The relationship between sleep duration, cognition and dementia: a Mendelian randomization study

Affiliations

The relationship between sleep duration, cognition and dementia: a Mendelian randomization study

Albert Henry et al. Int J Epidemiol. .

Abstract

Background: Short and long sleep duration have been linked with poorer cognitive outcomes, but it remains unclear whether these associations are causal.

Methods: We conducted the first Mendelian randomization (MR) study with 77 single-nucleotide polymorphisms (SNPs) for sleep duration using individual-participant data from the UK Biobank cohort (N = 395 803) and summary statistics from the International Genomics of Alzheimer's Project (N cases/controls = 17 008/37 154) to investigate the potential impact of sleep duration on cognitive outcomes.

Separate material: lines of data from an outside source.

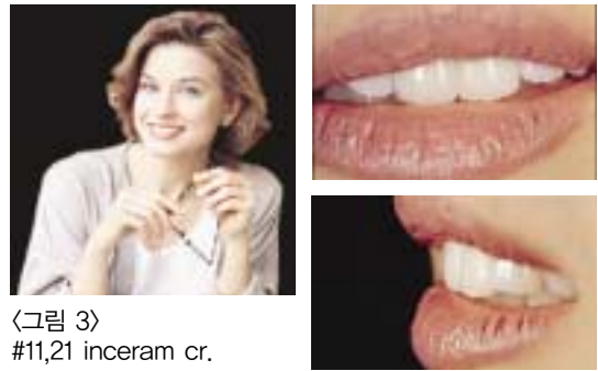
〈그림 3〉 #11,21 inceram cr.

restoration 대한 관심도가 더욱 높아 지는 것도 그 이유의 하나 일 것이다.
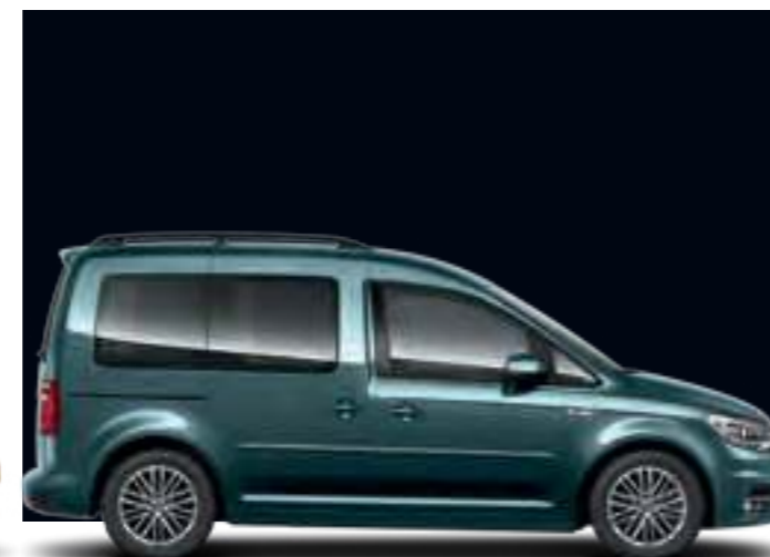
Vert Bamboueraie | peinture métallisée | CC | TL | CL |
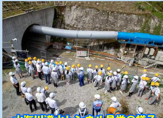
水海川導水トンネル見学の様子
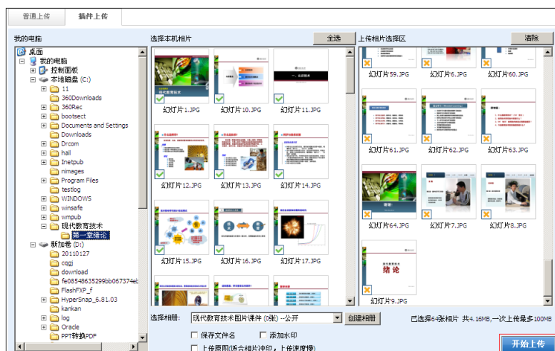
图 7.6 插件上传方式操作界面

(7) 浏览相册。点击相册名称进入相册，就可以在线浏览相册照片（图 7.17）。
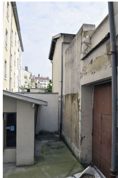
Vue de la cour IVR82_20106901001NUCA
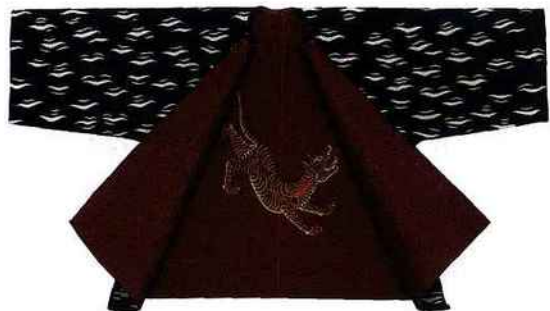
« Tiger Coat : Ganzl », tapisserie contemporaine de Jon Eric Riis. Galerie Chevalier, 17, quai Voltaire.

Carré Rive Gauche. Du 27 au 29 mai. Vernissage le 26 mai de 17 h à 23 h. Les 27 et 28 de 11 h à 20 h ; le 29 de 11 h à 18 h.
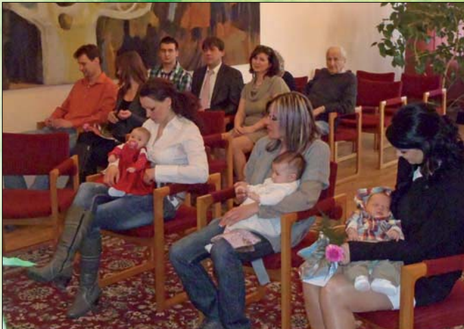
Vítání občánků v Božicích.
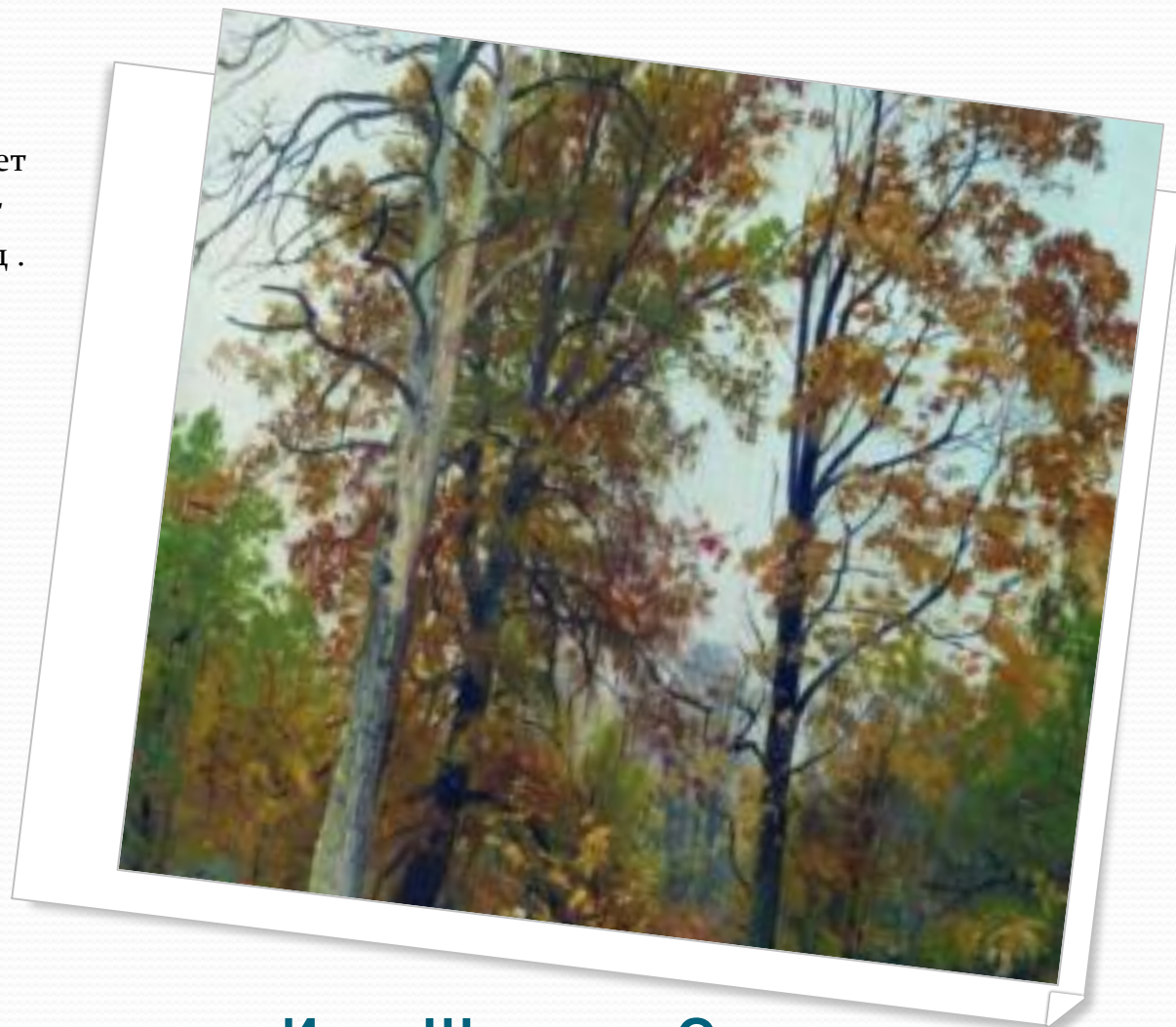
Иван Шишкин . Осень

Сухое дерево притягивает взгляд И вводит непосредственно в сюжет За ним два дерева цветущих стоят Но в кронах виден увядания след .
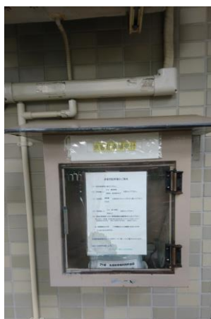
( BOX正面 )

Results: Linear MR suggested that each additional hour/day of sleep was associated with 1% [95% confidence interval (CI) = 0-2%; P = 0.008] slower reaction time and 3% more errors in visual-memory test (95% CI = 0-6%; P = 0.05). There was little evidence to support associations of increased sleep duration with decline in visual memory [odds ratio (OR) per additional hour/day of sleep = 1.10 (95% CI = 0.76-1.57); P = 0.62], decline in reaction time [OR = 1.28 (95% CI = 0.49-3.35); P = 0.61], all-cause dementia [OR = 1.19 (95% CI = 0.65-2.19); P = 0.57] or Alzheimer's disease risk [OR = 0.89 (95% CI = 0.67-1.18); P = 0.41]. Non-linear MR suggested that both short and long sleep duration were associated with poorer visual memory (P for non-linearity = 3.44e-9) and reaction time (P for non-linearity = 6.66e-16).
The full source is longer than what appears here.